'Soldier' kills US general
German and Afghan high-ranking officers among about 15 wounded
A US major general was shot to death on Tuesday in one of the bloodiest insider attacks of the long Afghanistan war.
A gunman dressed as an Afghan soldier turned on allied troops, killing Major General Harold J. Greene and wounding more than a dozen other people, including a German general and two Afghan generals.
Greene was a 34-year Army veteran. An engineer by training, he was on his first deployment to a war zone and was involved in preparing Afghan forces for the time when US-coalition troops leave at the end of this year. He was the deputy commanding general of the Combined Security Transition Command-Afghanistan.
Greene was the highest ranking US officer killed in combat in the nation's post-9/11 wars in Iraq and Afghanistan and the highest ranking officer killed in combat since 1970 in the Vietnam War.
Five major generals were killed in Vietnam. The last was Major General John Albert Dillard, whose helicopter was shot down.
The attack at Marshal Fahim National Defense University underscored the tensions that persist as the US combat role winds down in Afghanistan.
It wasn't the only assault by an Afghan ally on coalition forces on Tuesday. In eastern Paktia province, an Afghan police guard exchanged fire with NATO troops near the governor's office, provincial police said. The guard was killed in the gunfight.
It wasn't clear if the two incidents were linked.
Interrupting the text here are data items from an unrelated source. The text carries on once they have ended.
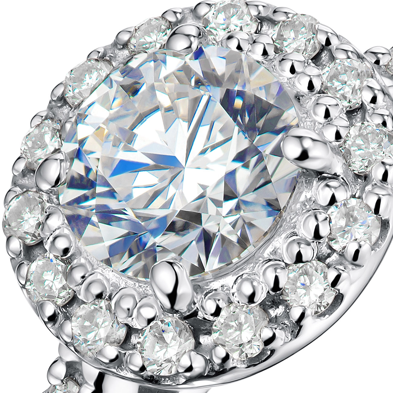 Кольцо с бриллиантом в белом золоте с ореолом - К100322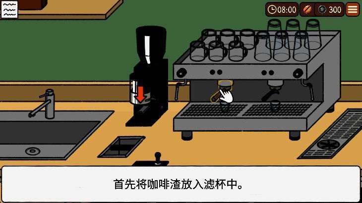 新手玩家从命名店铺开始营业,通过点击顾客头顶的对话气泡接单。随后依次完成取粉、压粉、萃取浓缩、添加配料、混合成品等步骤,最后将咖啡端上即可获得金币。每日结算后可前往商店补充原料库存,并逐步升级设备与装修空间,实现高效运营。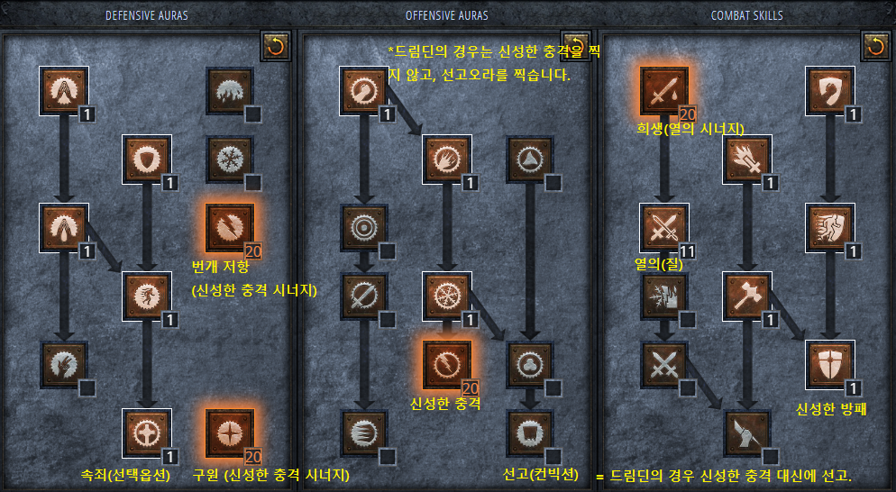 드림딘의 경우 (꿈 룬워드를 투구와 방패에 착용하여, 두 아이템에서 신성한 충격 30레벨이 발동되기 때문에, 신성한 충격 스킬을 찍지않고, 선고 오라를 만땅 찍어주고, 선고오라를 켜고 딜을 합니다.

Police officials said they were investigating.
Early indications suggested the Afghan gunman who killed Greene was inside a building and fired indiscriminately from a window at people gathered outside, a US official said.
There was no indication that Greene was specifically targeted, the official said, speaking on condition of anonymity because release of information is not authorized.
The wounded include a German brigadier general and two Afghan generals, officials said. One of the officials said that of the estimated 15 wounded, about half were from the US side, and several of them are in serious condition.
US officials nevertheless asserted confidence in their partnership with the Afghan military, which appears to be holding its own against the Taliban but will soon be operating independently once most US-led coalition forces leave at the end of the year.
The Army's chief of staff, General Ray Odierno, issued a written statement on Tuesday evening expressing condolences to Greene's family and the families of the others injured in the attack.
The Iraq and Afghanistan wars have claimed more than 6,700 US lives.
"When the US loses a general like this, they have to review their approach to their Afghan partners, but they also have to stay committed," retired Afghan general Hadi Khalid told AFP.